Btw, the link you have in the README about cloning/forking the directory as a template does not help. Github's UI has changed, or perhaps it's because you have not made this repo a template repo.

from rna-seq-pop.

vmkalbskopf commented on September 26, 2024

OK, I've hit my first speed bump.
I've adapted the config file, all the resources, sample name and gene name files.
then I try the dry run.
And I get this error.

snakemake --use-conda -n
---------------------------- RNA-Seq-IR ----------------------------
Running RNA-Seq-IR snakemake workflow in /scratch/victor/rna-seq-pr/workflow

Author:   Sanjay Curtis Nagi
Workflow Version: v0.4.0
Execution time:  2021-05-27 14:27:38.687554
Dataset: six_nonsiskins


AttributeError in line 40 of /scratch/victor/rna-seq-pr/workflow/rules/variantAnalysis.smk:
'list' object has no attribute 'Name'
  File "/scratch/victor/rna-seq-pr/workflow/Snakefile", line 32, in <module>
  File "/scratch/victor/rna-seq-pr/workflow/rules/variantAnalysis.smk", line 40, in <module>

This is line 40 of variantAnalysis.smk
mut=mutationData.Name,

Here is the config file. Ignore the .txt at the end. Just needed that to upload to github.
config.yaml.txt

from rna-seq-pop.

sanjaynagi commented on September 26, 2024

Ok - this was a bug relating to that rule mpileupIR still needing a mutations file even when IRmutations is inactivated in the config. Strange, as snakemake shouldnt really be needing to look for that when the rule isnt gonna be ran. I've just pushed a temporary fix to github which reads in the exampleMutations.tsv file, if you want to do a git pull! :)

from rna-seq-pop.

vmkalbskopf commented on September 26, 2024

Thanks!

from rna-seq-pop.

vmkalbskopf commented on September 26, 2024

I'm not a frequent git user, so I'm missing something obvious.
First I :
git clone --recursive https://github.com/sanjaynagi/rna-seq-ir.git
then I
git pull
But it says
Already up to date.
How do I git pull the latest version?

from rna-seq-pop.

sanjaynagi commented on September 26, 2024

Is this still the case? sorry, i find it difficult to check these things, as being the repo owner gives me more permissions...

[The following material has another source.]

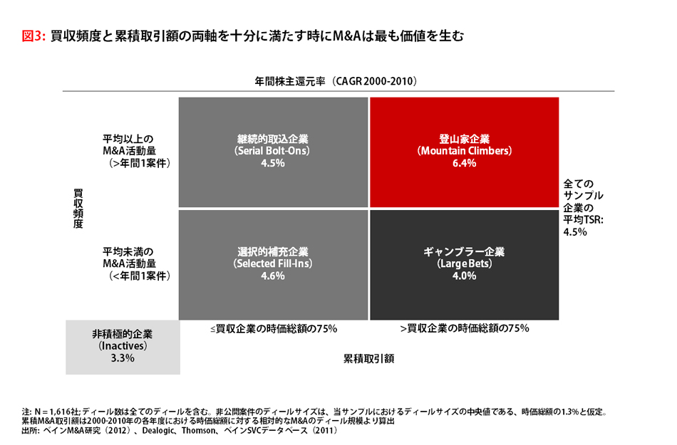 M&Aの頻度と絶対的取引量の双方を組み合わせると、どのような企業がM&Aにおいて最も成功しているか明確であろう(図3)。また、M&Aをその視点で見ると、どのような取引が最大の報酬をもたらすかも明らかになる。

if you run grep example workflow/Snakefile the result should be mutationData = pd.read_csv("resources/exampleMutations.tsv", sep="\t") if the fix has been incorporated.

otherwise, does completing the steps in section 6 of the README help at all?
Thanks, I appreciate your help in testing this!

from rna-seq-pop.

vmkalbskopf commented on September 26, 2024

It's still the old Snakefile file.
This is what happened when trying to follow section 6


git remote add -f upstream https://github.com/snakemake-workflows/rna-seq-ir.git
fatal: remote upstream already exists.

git fetch upstream
ERROR: Repository not found.
fatal: Could not read from remote repository.

Please make sure you have the correct access rights
and the repository exists.

I feel really stupid..

Of course I can manually make the change to the Snakefile, but that is a bit of a hack.

from rna-seq-pop.

sanjaynagi commented on September 26, 2024

Dont feel stupid!! :) its my fault that I havent sorted this yet, you're my first user of the workflow outside of my department, thats all. Im going to try and use a different machine without my github ssh so i can test these steps.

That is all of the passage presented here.